Incorporating new information can complicate policy making: As new data and modeling methods become available, IHME GBD estimates are revised, both for the current year and all previous years. These revisions are important but their effects can be complicated for policy making—for example, the World Bank’s recent release of new purchasing power parity numbers or recent GDP rebasings in sub-Saharan Africa. This raises the questions: how quickly should country priorities be adjusted in the case of a substantial revision in estimates? And could such data be used to monitor performance or for impact evaluation purposes?
The GBD method provides a tool for ‘crossing the road’: While jay-walking could be a potential risk factor included in the GBD—IHME uses what they call the ‘cross-walk’ tool to link data sources and pool study results that report on multiple related indicators.
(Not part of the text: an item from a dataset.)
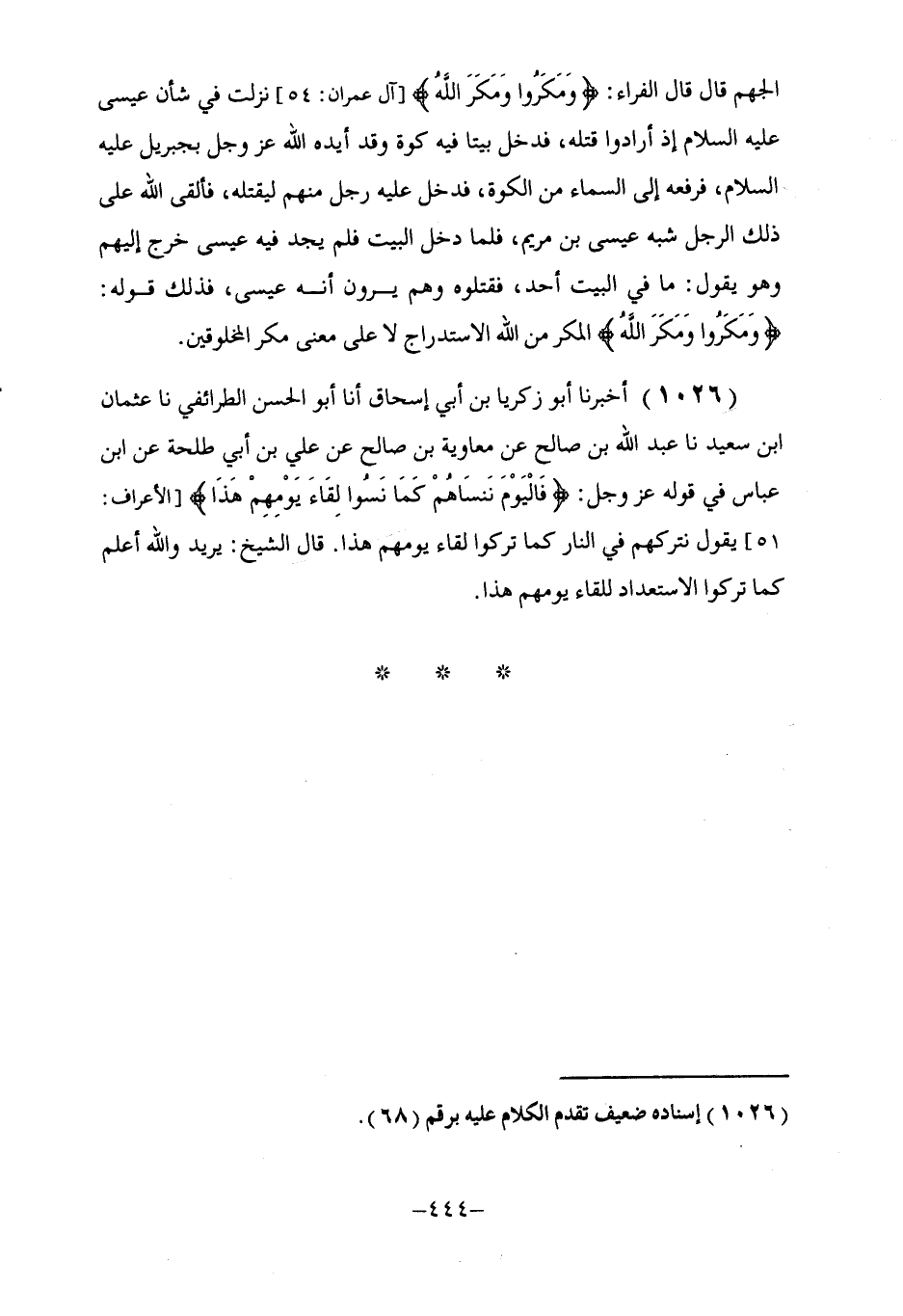 1026 - أَخْبَرَنَا أَبُو زَكَرِيَّا بْنُ أَبِي إِسْحَاقَ، أنا أَبُو الْحَسَنِ الطَّرَائِفِيُّ، نا عُثْمَانُ بْنُ سَعِيدٍ، نا عَبْدُ اللَّهِ بْنُ صَالِحٍ، عَنْ مُعَاوِيَةَ بْنِ صَالِحٍ، عَنْ عَلِيِّ بْنِ أَبِي طَلْحَةَ، عَنِ ابْنِ عَبَّاسٍ، فِي قَوْلِهِ عَزَّ وَجَلَّ: {فَالْيَوْمَ نَنْسَاهُمْ كَمَا نَسُوا لِقَاءَ يَوْمِهِمْ هَذَا} [الأعراف: 51] يَقُولُ: §نَتْرُكُهُمْ فِي النَّارِ كَمَا تَرَكُوا لِقَاءَ يَوْمِهِمْ هَذَا ". قَالَ الشَّيْخُ: يُرِيدُ وَاللَّهُ أَعْلَمُ: كَمَا تَرَكُوا الِاسْتِعْدَادَ لِلِقَاءِ يَوْمِهِمْ هَذَا

The tool helps address issues that arise when data exists in different forms by converting findings to comparable formats (i.e. a reference definition) using empirically observed relationships between the reference format and non-standard formats. It’s an pragmatic tool that might have applications outside the GBD analysis—for example, in systematic reviews of public health interventions or other development interventions where indicators are varied.
In whole, I learned that calculating the GBD is a complicated process and is certainly a feat of coordination and brainpower (for an indication of the complexity of the methods see the ‘summary flow chart’ here). The first installments of GBD 2013 have already been released (see here, here and here) and the remainder will be available by fall 2014.